When Saez-Gil’s forest home, where Ayrey’s dream began, was destroyed in a wave of wildfires made more likely, scientists said, by erratic weather linked to global warming, it could almost have been an omen. A year later, Ayrey quit.
A nine-month investigation by SourceMaterial, The Guardian and Die Zeit suggests that the flaws identified by Ayrey at Pachama—which he continues to believe is one of the more conscientious offsetters—are rife in an industry whose claims to mitigate climate change are significantly at odds with reality.
Our analysis of nearly 100 million carbon credits found that only a fraction of them resulted in real emissions reductions.
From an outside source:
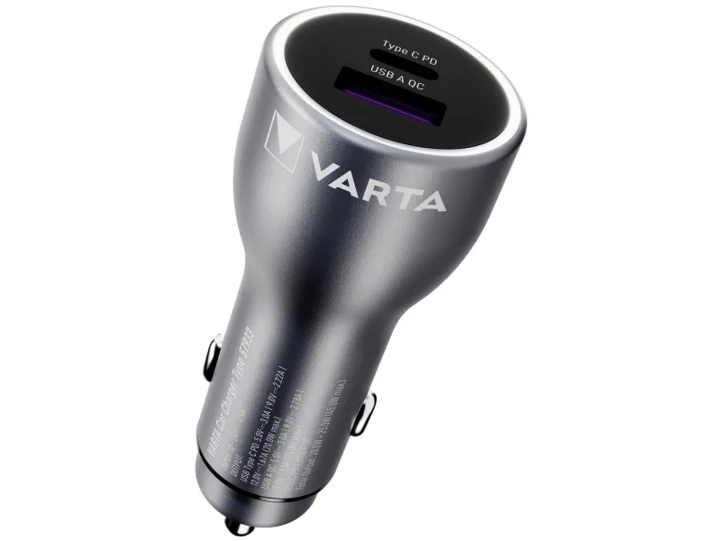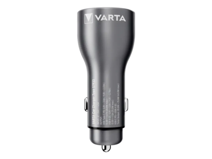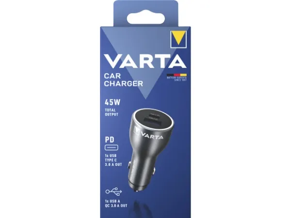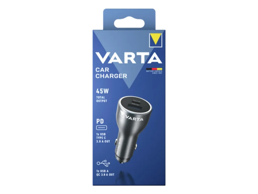 The Varta car power adapter is designed to keep your devices charged while on the go. With the capacity to provide 45 watts of power, this versatile adapter supports fast charging, with Power Delivery and Qualcomm Quick Charge technologies ensuring efficient energy transfer. Capable of charging up to two devices simultaneously, it features a 4-pin USB Type-A and a 24-pin USB-C output, making it compatible with a wide range of tablets, cellular phones, and headphones.

It raises questions for the organisations that many of the world’s biggest companies, and the consumers who buy their products, rely on to set the standard for effective carbon offsetting—in particular the biggest of them, Verra.
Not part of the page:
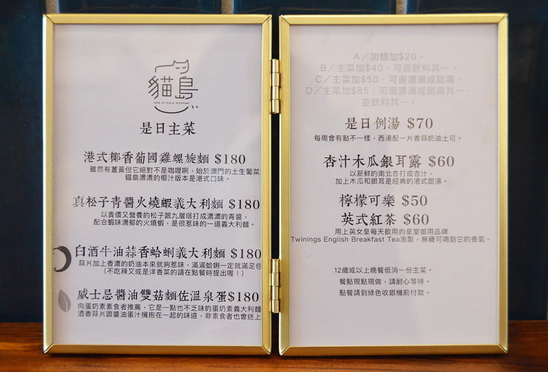 位於台南市北區長北街的貓島廚房,在燒肉難民營隔壁,經由好友芩雯分享,來到貓島吃晚餐,建議事先訂位以免向隅。這是一對香港夫妻所開,相當和善親切,有義大利麵、港點與選物,來這裡一定要點義大利麵,口味獨特,好友也推甜品例湯,但午茶吃太飽,只好下次再點。如果武漢肺炎疫情緩和,真想回到貓島廚房內用呀~

“The implications of this analysis are huge,” said Barbara Haya, head of the Carbon Trading Project at the University of California, Berkeley. “Companies are making false claims and then they’re convincing customers that they can fly guilt-free or buy carbon-neutral products when they aren’t in any way carbon-neutral.”
‘We kept selling the credits’
A couple of years on from that first meeting beneath the redwoods, San Francisco-based Pachama was on the way to becoming a powerhouse in the fledgling offsets market: today it has more than 60 employees and almost $80 million from investors including talk show host Ellen Degeneres and tennis star Serena Williams.
“Companies are making false claims and convincing customers they can fly guilt-free”
If anything, things were going too well. With demand roaring, there was “a constant lack of credits to sell,” Ayrey said. He didn’t doubt his co-workers’ commitment to a shared ideal. But the need for quick returns was leading them to cut corners—and in one case, he says, to sell credits from a project that seemed like a sham.
“They really care about their stated mission,” he said. “I just don’t think they did it. Short-term profits were far more important than really disrupting the space.”
Pachama rates and sells carbon credits. Most often, these are generated by preventing deforestation: owners of threatened forests create credits by protecting them, claiming that extra carbon is absorbed by trees that would otherwise be cut down. As chief scientist, Ayrey’s role was to rate these projects so that Pachama could market the best ones to its clients.
The problem was that in several cases, Pachama appeared to be selling credits generated from forests under no threat at all—and in at least one, where deforestation had actually increased.
In the Madre de Dios region of the Peruvian Amazon Basin, a company called Bosques Amazónicos (BAM) was paying conservation money to Brazil nut farmers. Buyers of the resulting credits included Macquarie, the Australian finance group, and fashion brand Giorgio Armani.
But in 2021 Foodwatch, a campaign group, found that BAM had overestimated the deforestation it was preventing by a factor of eight, and the company later admitted that some harvesters had destroyed forest they were being paid to protect. Satellite images show that tree-clearing in the area has risen since the scheme began.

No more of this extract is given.